Give the listing again, word for word, and let no picture into it.
*** STORED DATA ***
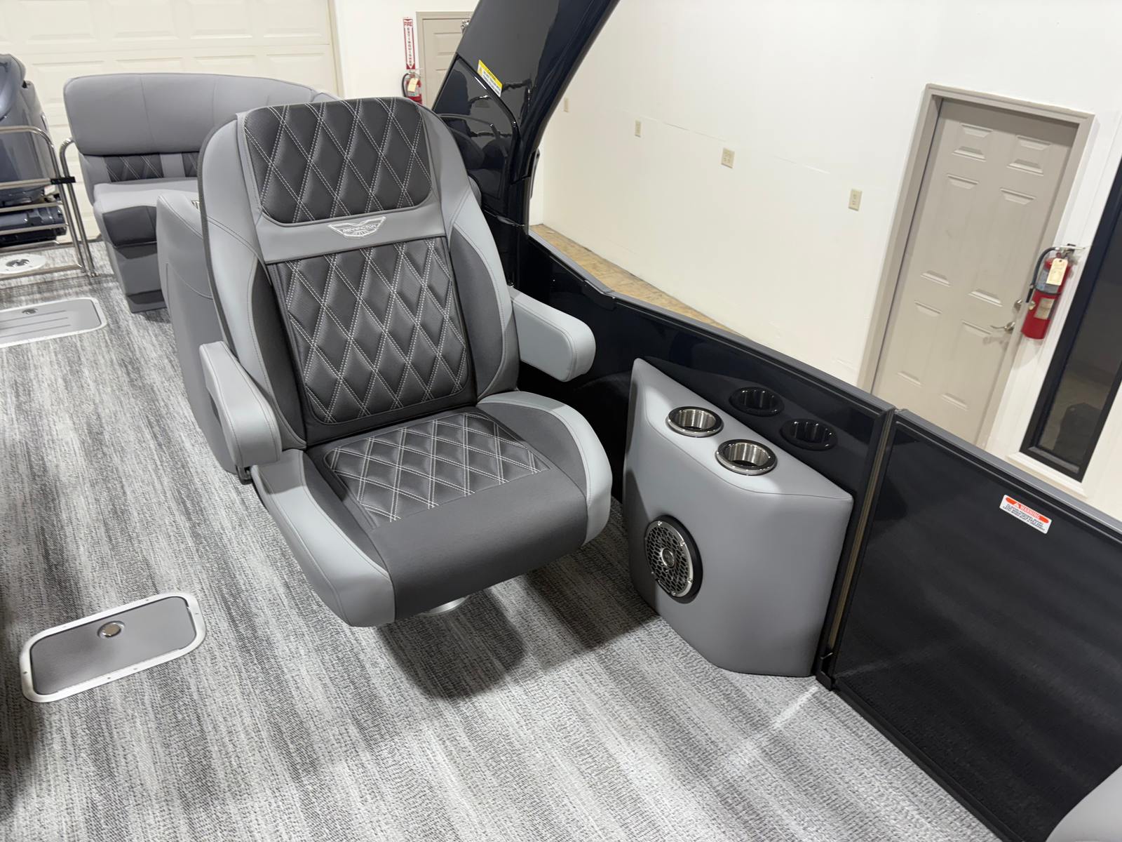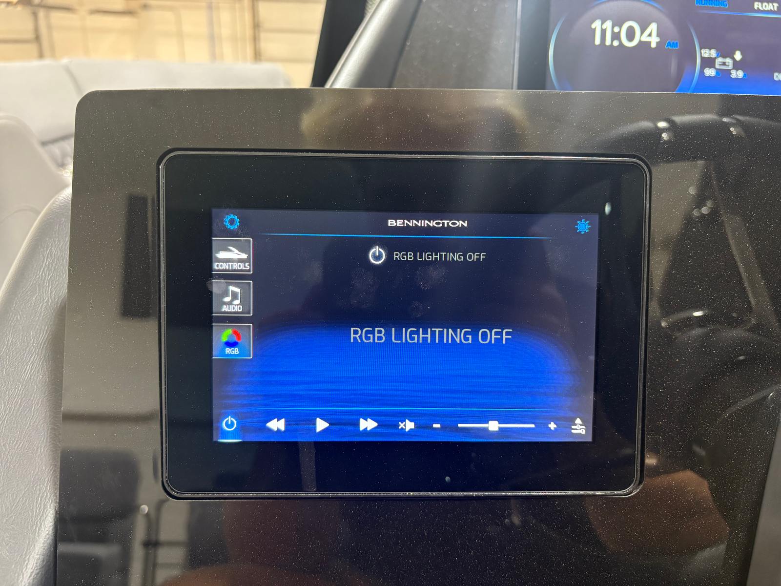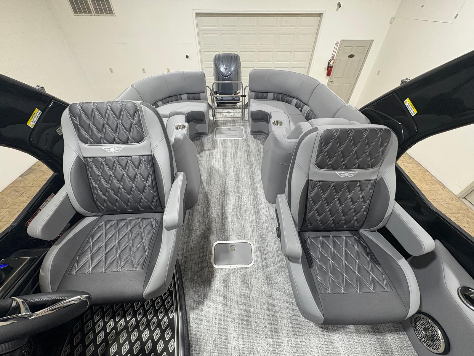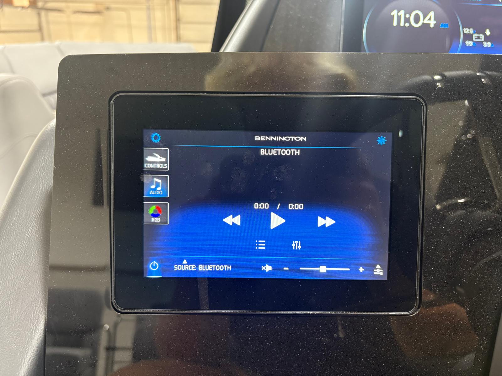 Step aboard the Bennington 25 Qfba ESP and discover a world of premium features designed to enhance your boating experience. The illuminated cupholders (8) add a touch of elegance and convenience, ensuring your favorite beverages are always within reach, even during evening cruises. Exterior side lighting and underwater lighting create a captivating ambiance, illuminating the boat’s sleek lines and the surrounding water for added safety and visual appeal. Toekick lights, with two 37-inch and two 62-inch fixtures, provide subtle illumination that enhances both aesthetics and functionality.The blackout logos lend a modern, sophisticated look, while the Rockford Fosgate audio system transforms your pontoon into a floating entertainment hub. With six 6.5-inch M2 speakers throughout the boat, two additional speakers on the arch, two 8-inch M2 speakers in the Fastback area, and a powerful 10-inch M2 subwoofer, you’ll enjoy crystal-clear sound and deep bass for your favorite playlists. The dual PM Punch amplifier upgrade ensures every note is delivered with precision and power, making every outing a celebration.Inside the console, you’ll find a stylish graphite finish complemented by Zebrawood matte slate accents, creating an inviting and contemporary atmosphere. Every detail, from the lighting to the audio system, has been thoughtfully selected to maximize comfort, convenience, and enjoyment.
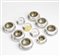 Gabriella Crespi, Set di quattro portacandele piccoli e sei grandi con struttura in vetro. Vaschette interne in metallo. Etichette metalliche con firma. Prod. Italia, 1970 ca. Portacandele grandi cm 6,5x2,5; portacandele piccoli cm 4,5x2
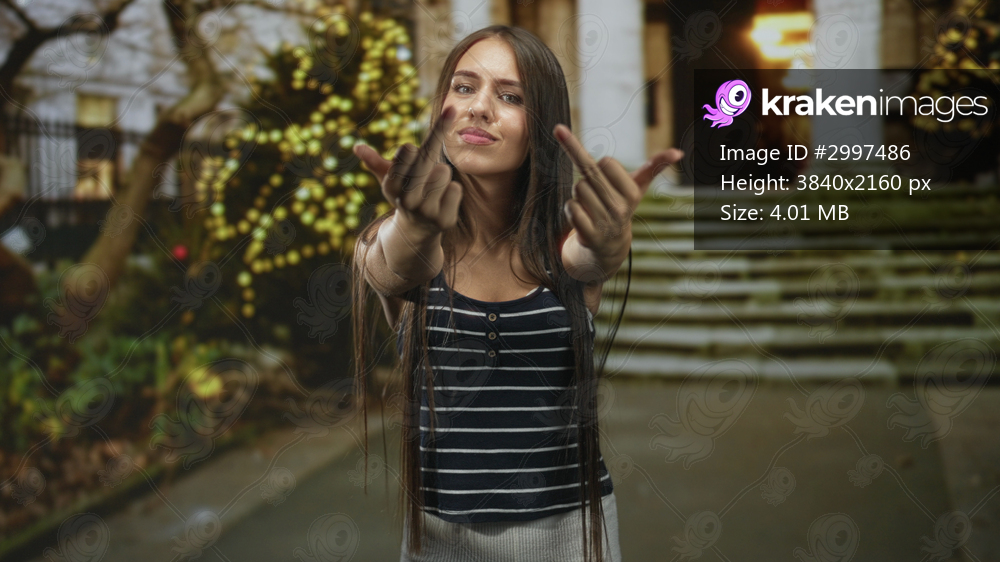 Young woman with long hair and braces reaches forward with both hands and outstretched palms on stone steps of building near lit trees at night; defiance rebellion. - Kraken Images
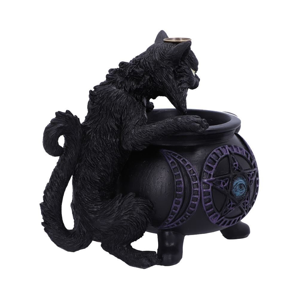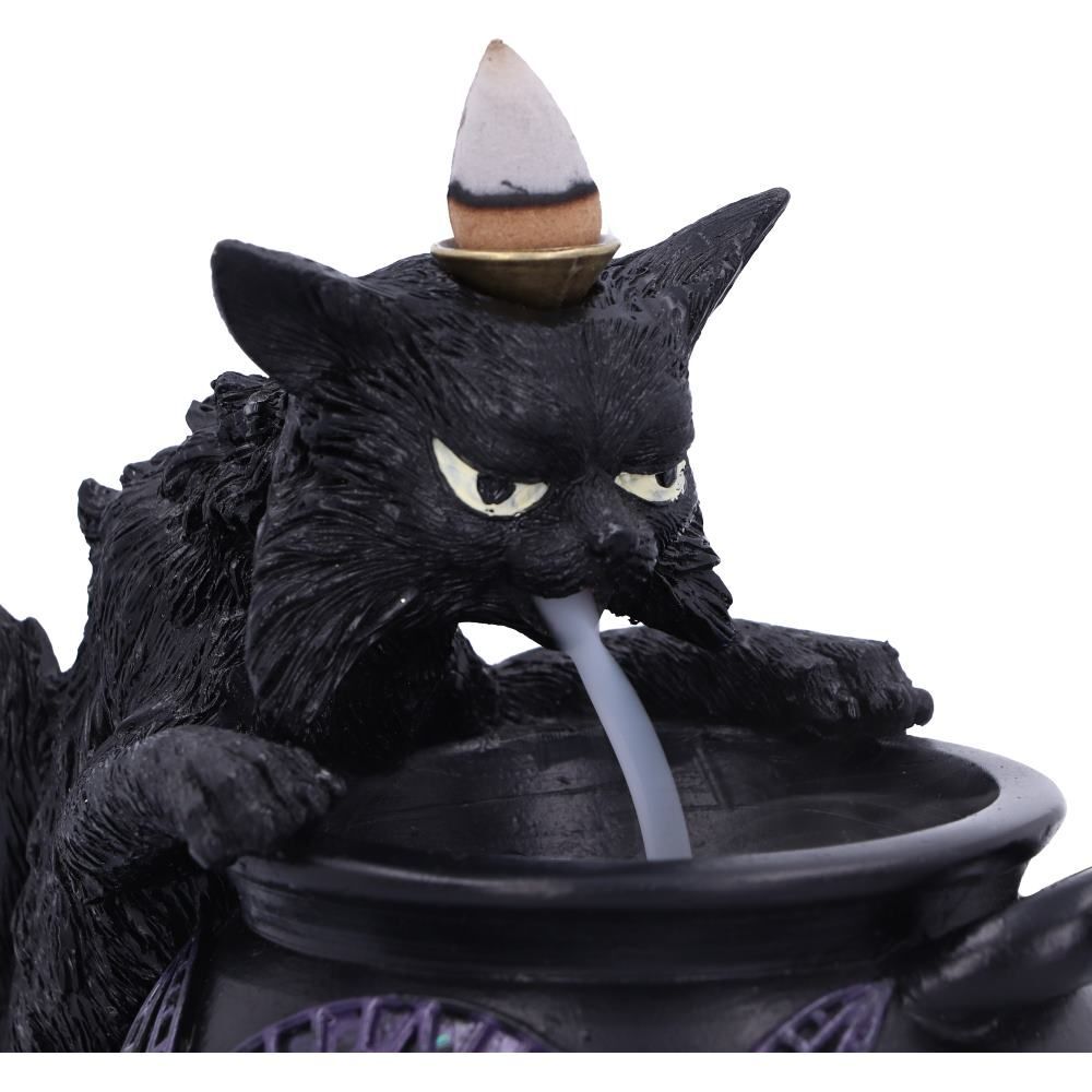 Этот кот выглядит совершенно невозмутимым! Его шерсть взъерошена, он сгорбился над котлом своей хозяйки, размышляя о жизни. Быть фамильяром ведьмы - тяжелая работа, и Злоба, конечно же, это демонстрирует! На его голове можно установить конус для благовоний с вашим любимым ароматом. Благодаря обратному потоку дыма будет создаваться вид что дым исходит из пасти кота прямо в котел. Отлитая из тончайшей смолы и тщательно раскрашенная вручную, эта фигурка станет идеальным подарком для любой ведьмы, нуждающейся в компаньоне!
*** End of STORED DATA ***
_EXPECTED OUTPUT:_
 Step aboard the Bennington 25 Qfba ESP and discover a world of premium features designed to enhance your boating experience. The illuminated cupholders (8) add a touch of elegance and convenience, ensuring your favorite beverages are always within reach, even during evening cruises. Exterior side lighting and underwater lighting create a captivating ambiance, illuminating the boat’s sleek lines and the surrounding water for added safety and visual appeal. Toekick lights, with two 37-inch and two 62-inch fixtures, provide subtle illumination that enhances both aesthetics and functionality.The blackout logos lend a modern, sophisticated look, while the Rockford Fosgate audio system transforms your pontoon into a floating entertainment hub. With six 6.5-inch M2 speakers throughout the boat, two additional speakers on the arch, two 8-inch M2 speakers in the Fastback area, and a powerful 10-inch M2 subwoofer, you’ll enjoy crystal-clear sound and deep bass for your favorite playlists. The dual PM Punch amplifier upgrade ensures every note is delivered with precision and power, making every outing a celebration.Inside the console, you’ll find a stylish graphite finish complemented by Zebrawood matte slate accents, creating an inviting and contemporary atmosphere. Every detail, from the lighting to the audio system, has been thoughtfully selected to maximize comfort, convenience, and enjoyment.
 Gabriella Crespi, Set di quattro portacandele piccoli e sei grandi con struttura in vetro. Vaschette interne in metallo. Etichette metalliche con firma. Prod. Italia, 1970 ca. Portacandele grandi cm 6,5x2,5; portacandele piccoli cm 4,5x2
 Young woman with long hair and braces reaches forward with both hands and outstretched palms on stone steps of building near lit trees at night; defiance rebellion. - Kraken Images
 Этот кот выглядит совершенно невозмутимым! Его шерсть взъерошена, он сгорбился над котлом своей хозяйки, размышляя о жизни. Быть фамильяром ведьмы - тяжелая работа, и Злоба, конечно же, это демонстрирует! На его голове можно установить конус для благовоний с вашим любимым ароматом. Благодаря обратному потоку дыма будет создаваться вид что дым исходит из пасти кота прямо в котел. Отлитая из тончайшей смолы и тщательно раскрашенная вручную, эта фигурка станет идеальным подарком для любой ведьмы, нуждающейся в компаньоне!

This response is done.